她看到了林夫人身后慢慢探出头的女鬼。那女鬼不知因何而死,已经看不清面容,要是常人看到,怕是要吓晕过去。
女鬼被一根根绿色的青丝困在林夫人身边。
那是一只冤鬼,如其名,含冤而死的人,死后便会化作冤鬼,因其心中执念,而无法投胎转世,但冤鬼也不会无故害人,只是在等一个可以帮她洗刷冤屈的人,解去心中执念后,冤鬼便可以投胎转世。
“不瞒道长,我家夫人确实是有每日礼佛的习惯,不过近日夫人身体有碍便没有去。”
“夫人从前可否与人结怨?”
“我家夫人是出了名的心善之人,前几日还在城门口为流民施粥,怎会与人结怨?”孟瑶仙还未说什么过分的话,她身边的丫鬟便开始为其鸣不平。
“道长可是看出什么了?”
孟瑶仙转头与邬筠对视,显然邬筠也察觉到林夫人身上依附的鬼魂,想了片刻还是决定告诉丫鬟女鬼之事,只不过进行了一些虚化。

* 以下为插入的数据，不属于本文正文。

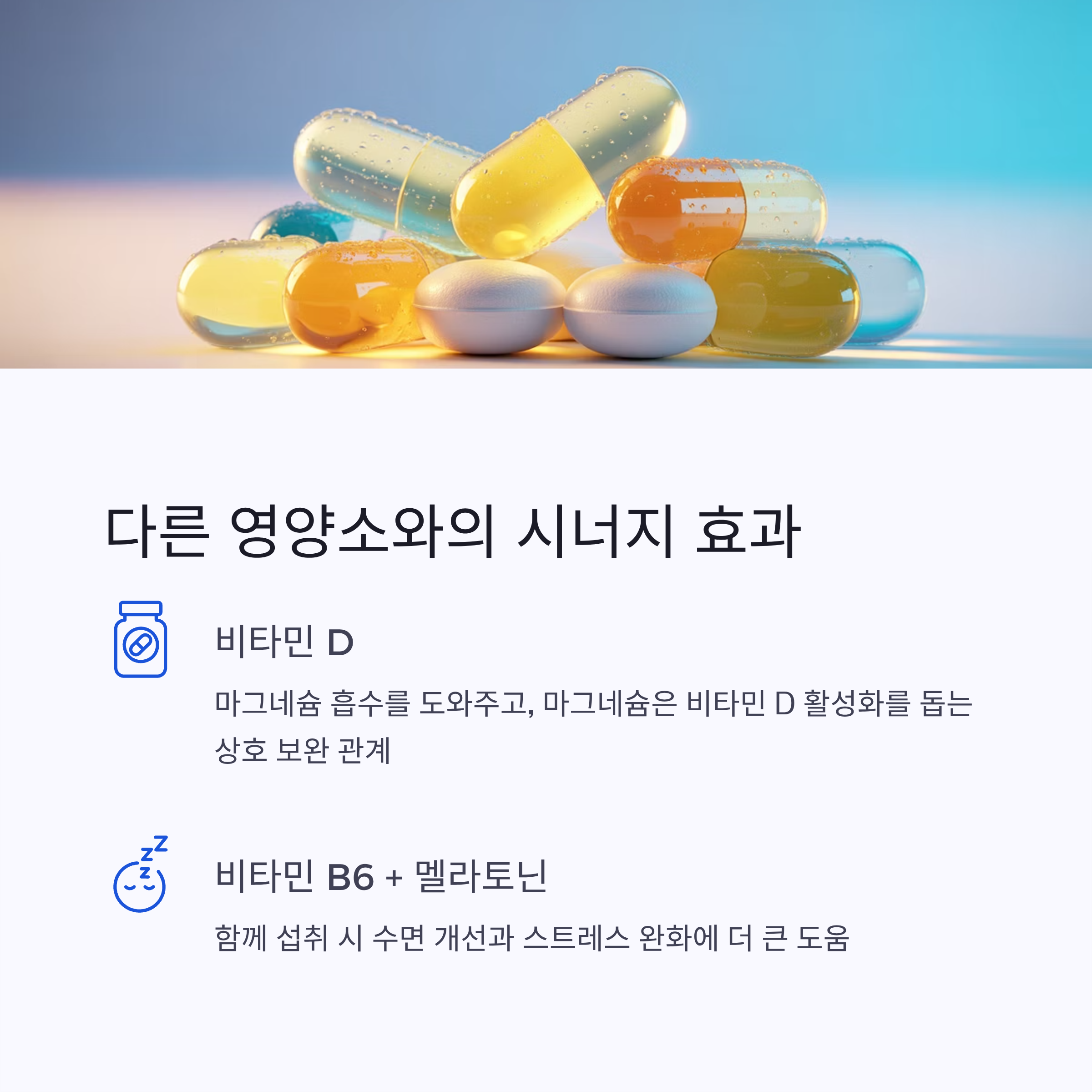 또한, 비타민 B6나 멜라토닌과 함께 섭취할 경우 수면 개선이나 스트레스 완화에도 더 큰 도움이 됩니다.

“从在下初入府上便感觉到了,您府上确实是有一只鬼魂,但这鬼应该并无伤人之意……”只是不知这鬼魂是否是林夫人与那女鬼生前有怨,若只是寻常的鬼魂害人,她确实可以让那女鬼魂飞魄散,若是掺和了因果在里面,事情便要麻烦许多。
又或许,这是阿汝的魂魄。
林夫人身边的丫鬟听到府上有一只鬼倒是颇为激动“既如此,道长把她灭了便好了,也省得她哪天真的祸害人!”
“春柳!”林夫人不知何时睁开了眼睛,呵斥一声。
那个名为春柳的丫鬟被林夫人一声呵斥后,噤声不语。
看来林夫人确实是有问题。
林夫人身旁的管事嬷嬷先训斥了一番那个叫春柳的丫鬟,随后与孟瑶仙二人陪了不是。
“道长,实不相瞒,前些年我家夫人与大人未成婚时,有一个倾慕大人的女子,那女子行事鲁莽不知礼数,大人拒绝她数次后,她竟寻了短见……”
说罢,嬷嬷似乎是为那女子的生命可惜,竟落下了几滴眼泪。
可惜,也只是鳄鱼的眼泪,做不得真。
“那嬷嬷可知,那女子姓甚名谁,家住哪里?”
“我只知道,他们都唤她意娘,大概是名字里有这个字罢。”
剩下的林夫人没有再多说,孟瑶仙也没有再多问。
问也是徒劳,按林夫人的说法,那意娘是寻短见死的,但是她究竟是因何而死,他们也不知道,左右不过是林夫人的一面之词,其真实性还待考究。
“夫人,怎的有贵客也不与我知会一声?”
“若是怠慢了客人便不好了。”
应声看去,是一名穿着松青色衣袍的男子,头发用发冠高高束起,除此之外再无其他装饰,一派两袖清风模样。
来人是这座府邸的主人,林夫人的丈夫,林大人。
林夫人从位子上站起来要迎。
“你怎么过来了?”林夫人的语气里有些惊喜。
“近日手头上的事都处理完了,近些日子都能陪你。”林大人神色温和,看起来是位好相与的角色。
“这二位客人是?”林大人看向林夫人。
“这二位道长是妾身今日施粥回来的路上遇到的,今日总是有些不安生,就想着,是不是招惹了什么不干净的东西,便将二位道长请了过来。”
“林大人。”孟瑶仙拉着邬筠对着林大人行礼。
“我们自扶仙洲而来,师承凌云门,此次受人之托来丽都抓妖,恰逢林夫人邀请,便来此。”
“二位道长不若先在府上住下?如此也方便道长捉住那厉鬼。”
孟瑶仙有些诧异,她还未说什么,这林大人怎么知道在这府上作怪的是厉鬼?
“那便叨扰了。”
“春柳,带二位道长去厢房安置。”
二人离开后,林大人温和的神色突然消失。
“夫人,你怎能贸然将二位道长请来呢?”
语气是一贯的温和,但莫名的有些强硬,隐隐透出些不悦。
“夫君,妾身也是为了我们的孩儿着想,这府上的妖物一日不除我心难安啊!”
眼见林夫人又要落泪。
“我不是在怪你,我只是觉得,不该夫人你至少应该与我说一声。”
“妾身知道,大人公务繁忙,怎敢用这种小事打扰大人?”
“总归是妾身的错,未与大人知会一声。”“
“夫人今日一日也累了,先回去休息吧。”
“来人,带夫人下去休息。“
“可是,夫君……”林夫人还欲说什么,触及林大人的脸上又止住。